17.06.2019

Konsequente Nutzung von Prozesswärme ersetzt Heizung für Neubau

In vielen Unternehmen wird für Produktionszwecke viel Wärmeenergie benötigt, die anschließend meist ungenutzt an die Umgebung abgegeben wird. So auch bei der Werma Signaltechnik GmbH aus Rientheim-Weilheim, die Spritzgussanlagen und Ofenprozesse betreibt.

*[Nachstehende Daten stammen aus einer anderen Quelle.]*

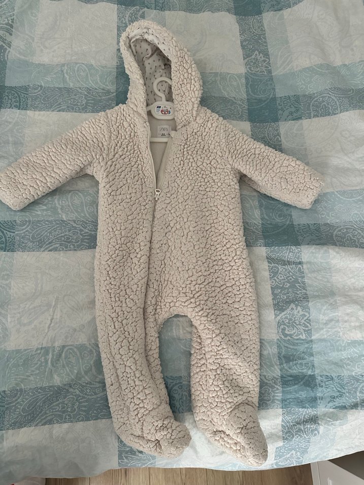 Zara Gri renk, kapüşonlu ve kürklü detaylı, tam fermuarlı yumuşak ve sıcak bebek tulumu. Soğuk havalar için rahat ve konforlu. ❄️kız erkek giyebilir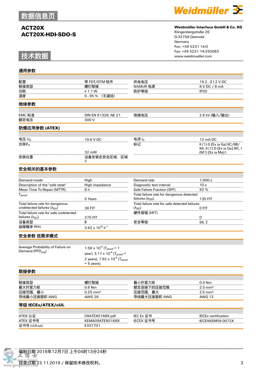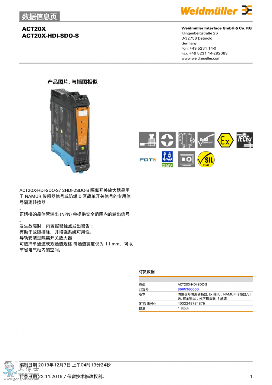 ACT20X-HDI-SDO-S 魏德米勒 防爆信號(hào)隔離轉(zhuǎn)換器 訂貨號(hào)8965360000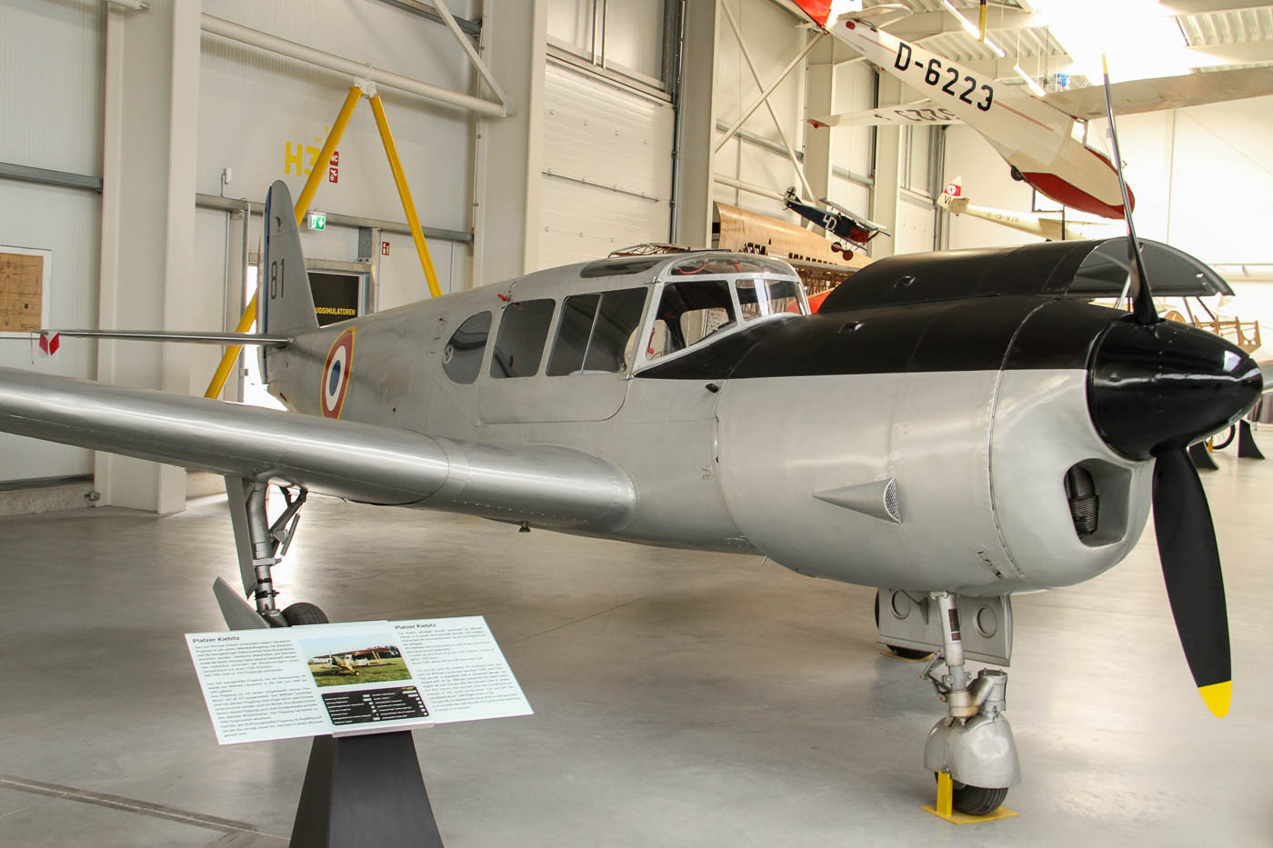 Messerschmitt Me 208 / Nord 1101, Nordalpha mit Renault 6 Q 10 Motor. Das ist eine Weiterentwicklung der Me 108, die ausgestellte Maschine ist ein Umbau einer Me 108 auf Me 208 (Nord 1101). Länge 8,85 m, Spannweite 11,5 m, Leergewicht 945 kg, Startgewicht 1580 kg, Dienstgipfelhöhe 5900 m, 305 km/h, 177 kW, Baujahr 1946.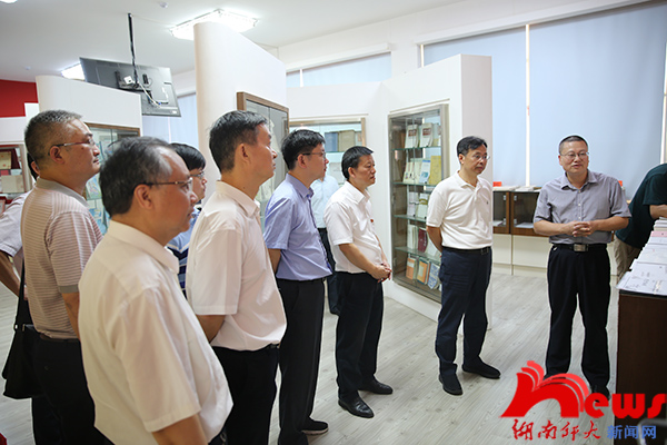徐维清一行先后实地考察了我校淡水鱼类发育生物学国家重点实验室、道德文化研究院展厅。每到一处,徐维清都认真听取了相关负责人情况汇报,详细询问了学科建设情况。在景德楼415室,外国语学院院长曾艳钰从拔尖人才培养、高素质师资队伍建设、科学研究与社会服务、传承创新优秀文化等方面汇报了我校“双一流”建设情况。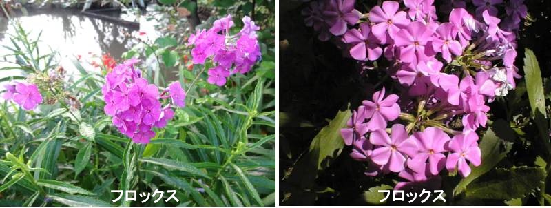 フロックスの仲間は67種が知られて、草丈1mを超えるものから、岩場に張りついてクッション状に育つもの、常緑、落葉、一年草、多年草と、非常に変化に富んで、花が美しいので観賞植物として多くの種が栽培されています。フロックスはハナシノブ科の園芸品種がとても多い草花です。フロックス属は種類が豊富な植物ですが、園芸店で「フロックス」の名で販売されているのは、大きく分けると「一年草」と「宿根草」があり、それぞれ開花時期や草丈などが違います。一年草のフロックスの開花時期は、春から初夏です。花色がとても豊富で、最近はベージュなどのシックな色や、スターフロックスと呼ばれる星形の咲き方がユニークな品種もあります。上にも伸びますが、横に広がるように分枝しながら生長し、適切な手入れをすると一株でもたくさんの花が次々と開花します。「宿根フロックス」の名で流通しているフロックスの開花時期は、初夏から秋です。株元からたくさんの茎を出し、まっすぐ茎を伸ばし、頂点に花をつけます。暑さに強く、植えっぱなしで毎年開花し、長期間開花し続けるため、初夏から秋の庭や花壇を華やかにしてくれます。以前は草丈が高いものが主でしたが、近年は矮性種も登場しています。
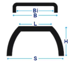 | Referencia | Bi (mm) | B (mm) | H (mm) | L (mm) | S (mm) | Neumáticos | Rueda |
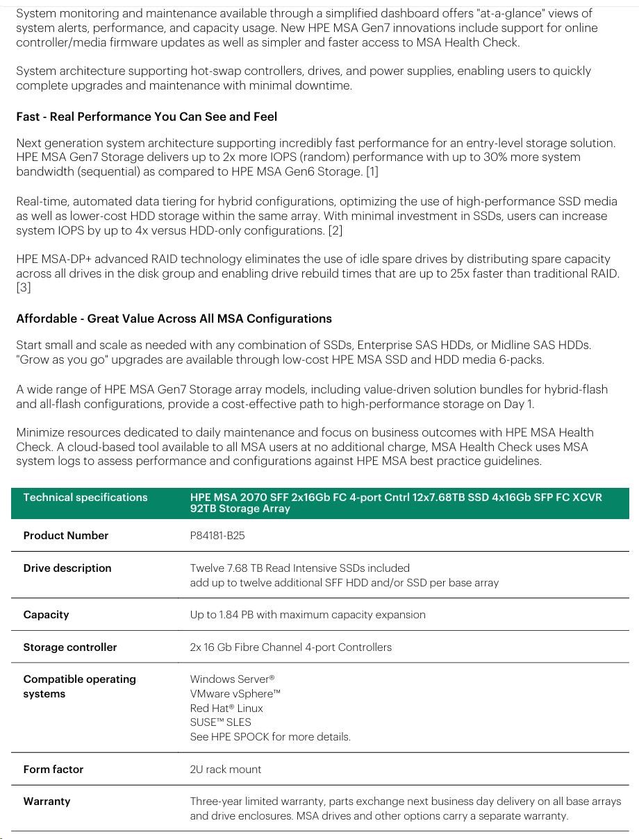 HPE MSA 2070 SFF 2x16Gb FC 4-port Controller 12x7.68TB SSD 4x16Gb SFP FC XCVR 92TB Storage Array Smart Choice.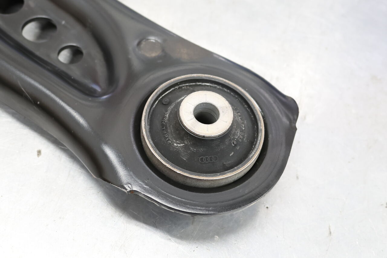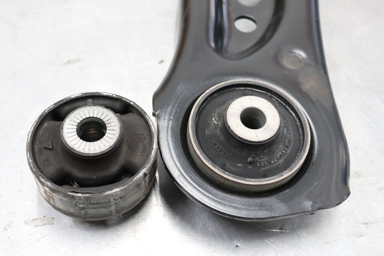 GOLF7 Rのフロントロアアームブッシュ交換でお預かりしました。ロアアームブッシュは経年劣化により亀裂が入っておりましたので、リフレッシュついでに中実タイプのブッシュに交換しました。純正ではフロントロアアームのサブフレーム側取り付け部のブッシュは肉抜きがされており、この空洞部分は走行中に力を受けて常に変形しロアアームの角度も合わせて変化します。中実タイプにすることでロアアームの不要な動きを抑制し、しっかりとした走りを実現します!最後に4輪アライメント調整を行い完成です。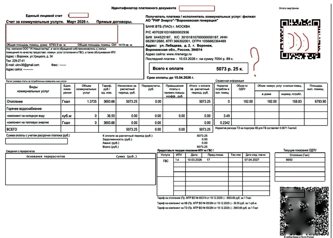 От подписчика: Пришла платёжка за отопление за Март месяц..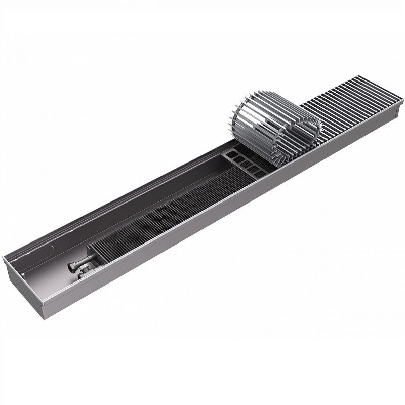 Все теплообменники укомплектованы воздухоотводчиком и оконечными латунными переходниками с внутренней резьбой G ½". Возможна комплектация терморегулирующей арматурой. Решетка может быть изготовлена из анодированного алюминиевого профиля (который может быть выкрашен в любой цвет по каталогу RAL), полированной нержавеющей стали или ценных пород дерева под дизайн пола.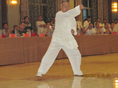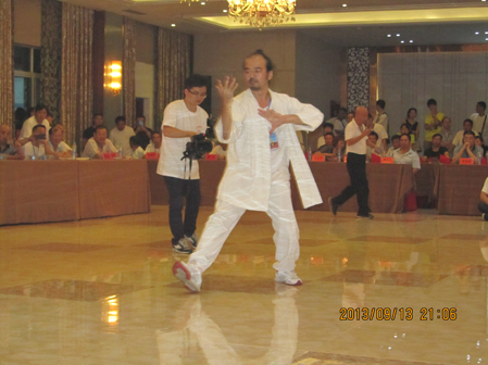9月13日晚8点,武冈大酒店披上了节日的盛装,五楼大会厅内灯火辉煌,随着中国民间武术家联合会主席、中国武林书画家协会主席朱鹤亭大师的宣布,第八届全国武林大会拉开了帷幕。少林、武当、形意、太极、八卦、大成、崂山、崆峒等各大门派的近百名精英弟子登台亮相,勃勃的英姿和精湛的武术表演令人大开眼界,博得了观众们一阵又一阵热烈的掌声喝彩声。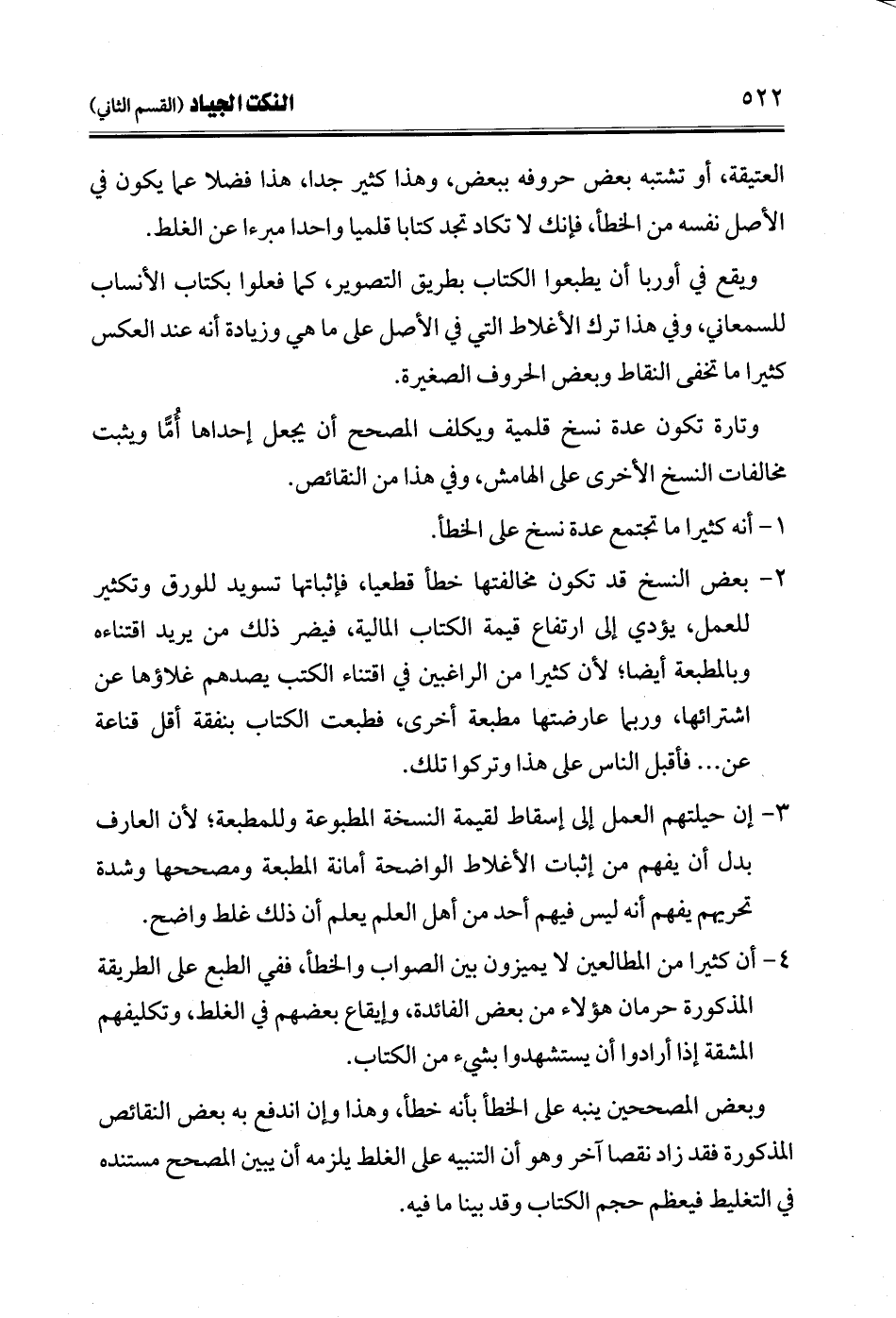 وبعض المصححين ينبه على الخطأ بأنه خطأ، وهذا وإن اندفع به بعض النقائص المذكورة فقد زاد نقصًا آخر وهو أن التنبيه على الغلط يلزمه أن يبين المصحح مستنده في التغليط فيعظم حجم الكتاب وقد بينا ما فيه.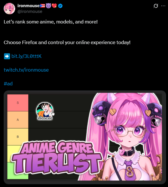 >>106010555If Mouse does drop her plans she really doesn't give a shit about her chat.We get solo tier lists but only because of a sponsor and she drops the things she said she would do to spend time with her BF.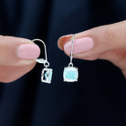 Natural 8MM Cushion Cut Rainbow Opal Hoop Drop Earrings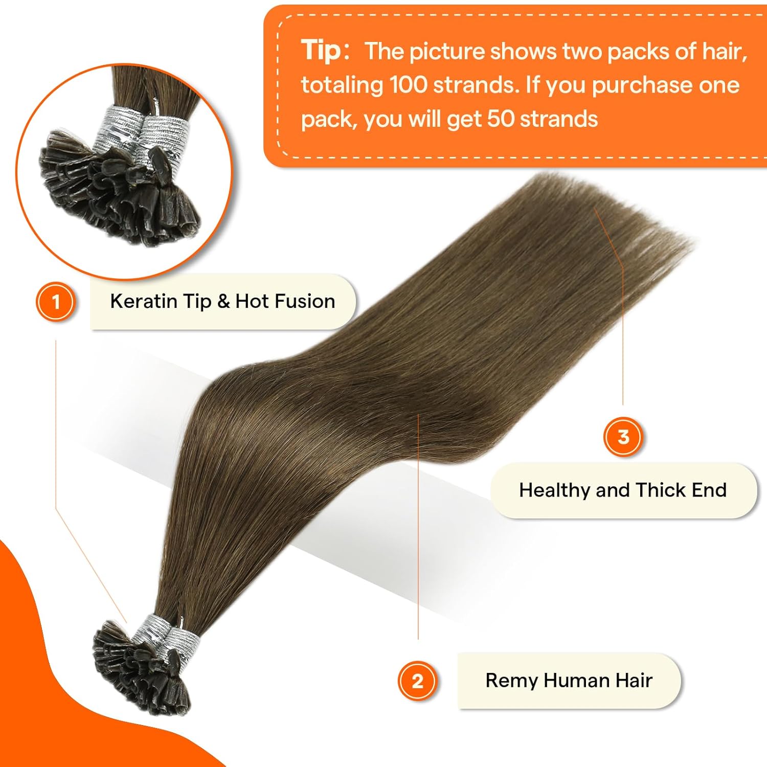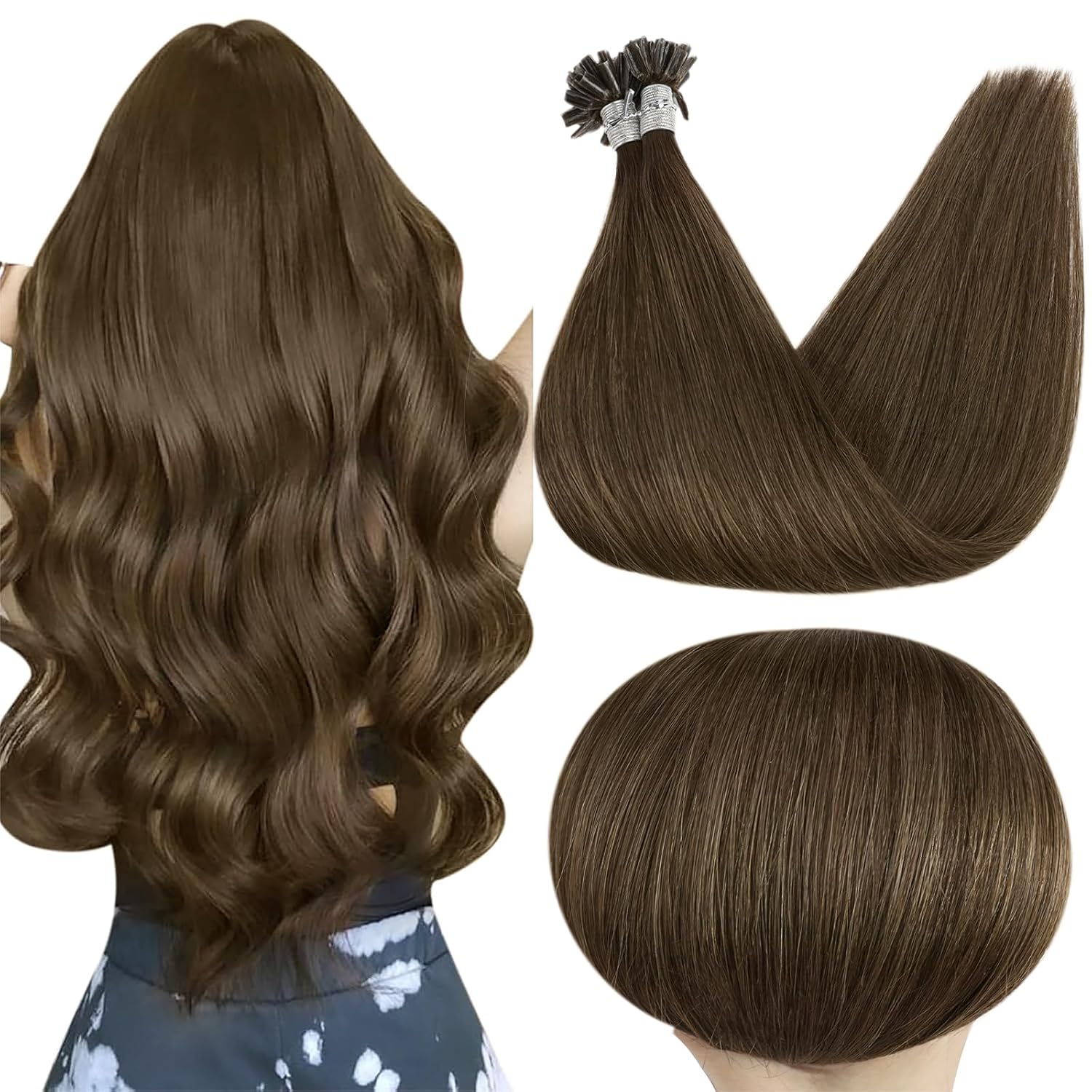 Full Shine U Tip Hair Extensions Human Hair 18 Inch Ktip Human Hair Extensions Color 4 Medium Brown Prebonded Nail Tip Extensions Remy Hair 50 Grams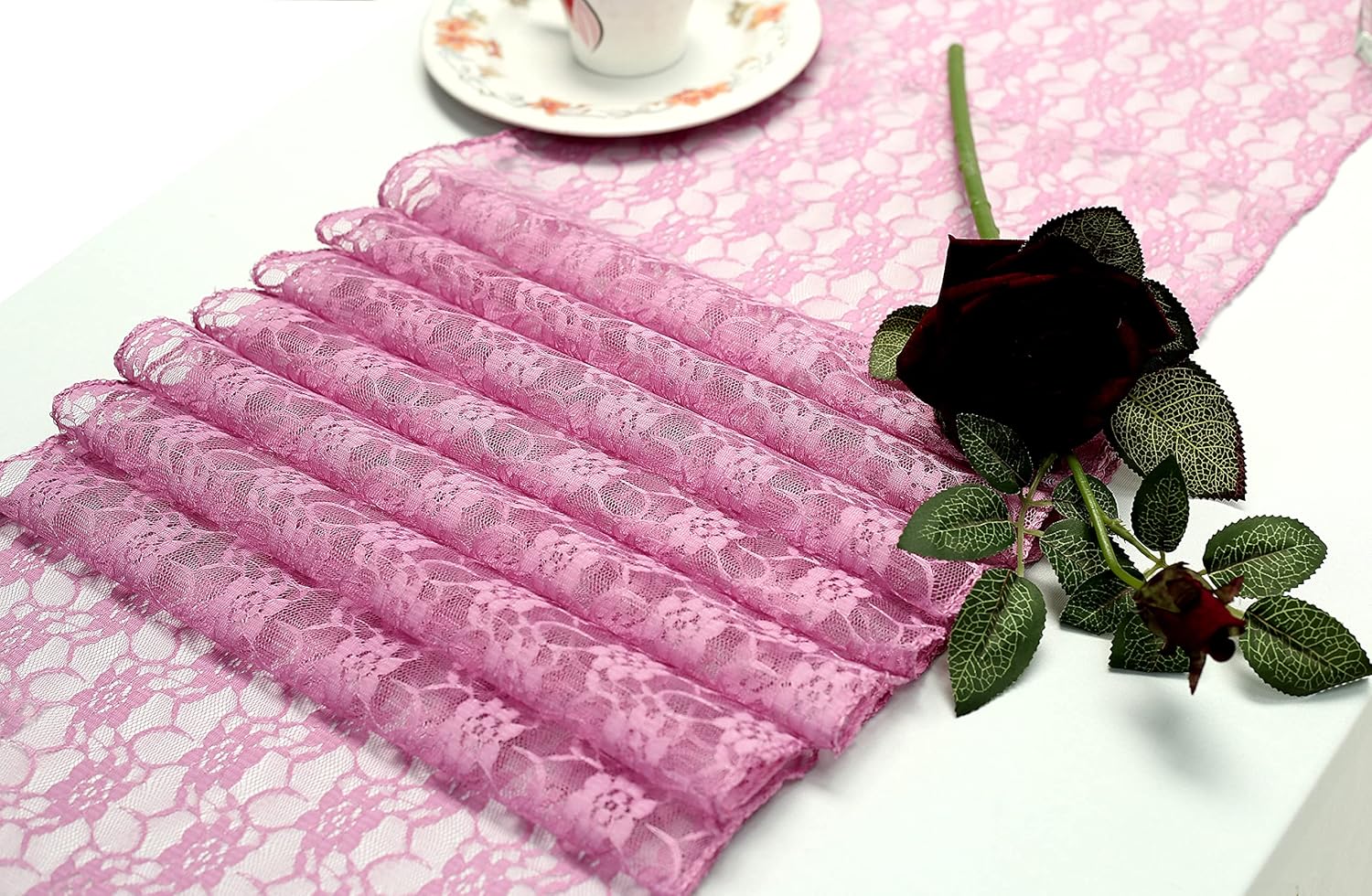 MDS Pack of 5 Wedding 12 x 108 inches Lace Table Runner for Wedding, Decorations for Birthday Parties, Banquets, Graduations, Engagements, and Runners fit Rectangle, Round Table- Dusty Pink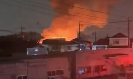 - 視覚情報: 暗闇の中でオレンジ色の炎が大きく立ち上がっており、建物が激しく燃えている様子が確認できます。

Anlässlich des Neubaus eines Betriebsgebäudes im Jahr 2017 mit ca. 4.000 Quadratmeter Nutzfläche wurde ein detailliertes Energiesparkonzept erstellt, das wesentlich auf der Nutzung der Abwärme aus den Prozessen beruht. Sämtliche Wärmequellen und Wärmesenken wurden mittels eines firmeninternen Nahwärmenetzes miteinander verbunden. So kann die Abwärme aus den Spritzgussanlagen, den Öfen und den Produktionsgebäuden genutzt werden. Mit Hilfe einer Wärmepumpe kann die Wärme auf ein höheres Temperaturniveau angehoben werden, das für die Heizung geeignet ist. Alternativ lässt sich mit einer Wärmepumpe auch Klimakälte erzeugen. In das Wärmenetz wurden des weiteren zwei Wasserspeicher mit 16 Kubikmeter für die Wärme und 12 Kubikmeter für die Kälte eingebunden. Die Gebäudeleittechnik wurde komplett erneuert. Die Investitionskosten für die komplette Umsetzung der Maßnahmen beliefen sich auf etwa 500.000 Euro, inbegriffen, dass auf die Errichtung einer Heizung und Kühlanlage verzichtet werden.

Im Ergebnis werden nun pro Jahr etwa 100.000 Kilowattstunden Strom und ca. 40.000 Kilowattstunden Heizöl eingespart.